I wonder if Hermès’ new version of their signature travel bag—made out of lab-grown mushrooms processed to imitate leather—comes from the same mycelium used as in-box packaging for Hudson Hemp’s CBD line, Treaty.
Drummond Munro, co-founder and chief brand officer of Superette, talks with Branding Mag about building a stigmatized business in a legal country, PR challenges, and balancing brand design, a unique experience, and involvement in social good. (You can listen to me get into even more detailed retail chats with Drum here.)
Ah, so that’s why my Tilray stocks bounced up last week. For real, though—according to Mennlay, this progress in Mexico’s lower courts is truly the furthest the cannabis legalization process has come thus far, and things continue to look promising.

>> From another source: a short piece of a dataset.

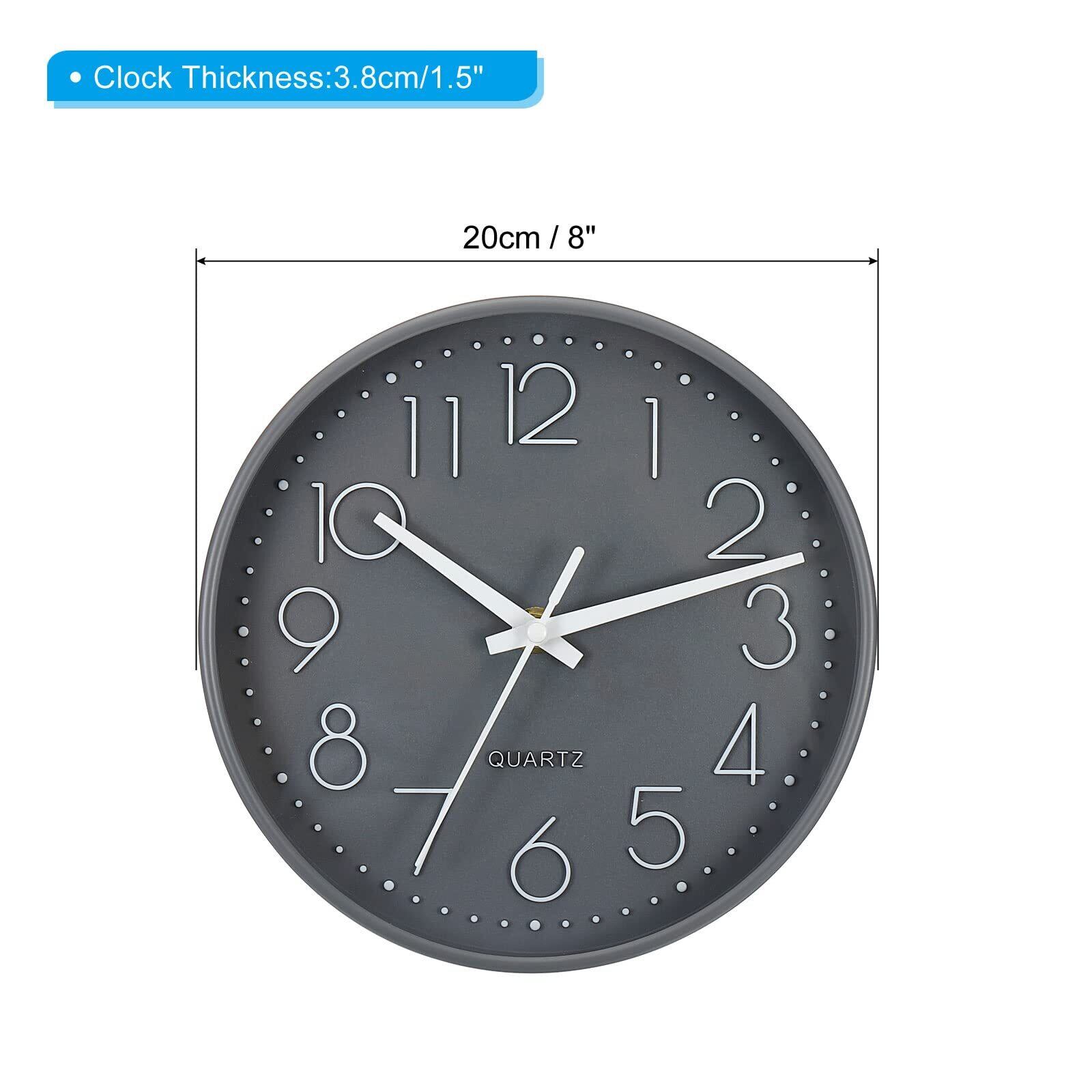 PATIKIL 20 cm ラウンド壁掛け時計 電池式サイレント 非カチカチ 掛け時計 オフィス 寝室 キッチン用 グレー

This other Politico piece breaks down not if, but how cannabis will be legalized in the United States, according to the newly formed Coalition for Cannabis Policy, Education, and Regulation. The disturbing—unfortunately predictable—assembly of members in this coalition? Tobacco giant Altria, beer behemoths Constellation Brands (Corona, Modelo), Molson Coors Beverage Company, two national convenience store associations, the Council of Insurance Agents & Brokers, and private security company Brinks.

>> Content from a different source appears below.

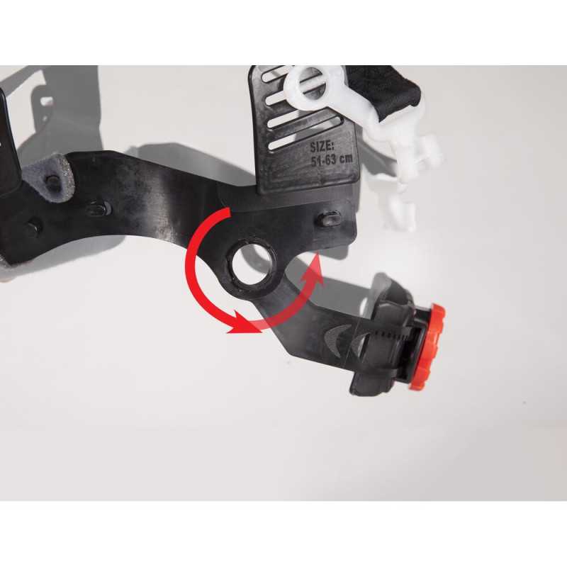 Wyposażony w więźbę obrotową z pokrętłem, umożliwia szybkie i precyzyjne dopasowanie obwodu. Zastosowane uniwersalne gniazda 30 mm pozwalają na montaż dodatkowych akcesoriów, takich jak ochronniki słuchu, osłony twarzy czy latarki.

Tasmania announced significant changes to the state’s Controlled Access Scheme for medicinal cannabis, with GPs able to prescribe the medicine, subject to TGA approval, starting July 1, 2021, and other pharmacies permitted to dispense throughout the state.
Stoned Fox Boutique has launched! The creative agency and cannabis content hub now offers home goods and reading materials for cannabis-friendly living rooms, CBD and non-CBD skincare like this glimmering vegan body oil, and goodies from OHHO hemp flower joints to Rose LA’s rosin-infused Rose Hibiscus CBD Delights.
Vaccines may be rolling out, but the safest way to sesh is still virtually. Tickets are now available for Tokeativity’s April Social, a Flower-Power-themed soiree on the afternoon of April 10th, complete with speed networking with women in cannabis all over the world, guest speakers, and sesh rooms like “Black Women & Cannabis,” “Cannamoms,” “Hemp Talk,” “Movement,” and “Self Healing.” RSVP to learn more.
In Japan, the cherry blossom insignia on national rugby union team jerseys earned the team the nickname the "Brave Blossoms.” Nothing to do with weed—just a fun, spring-y fact.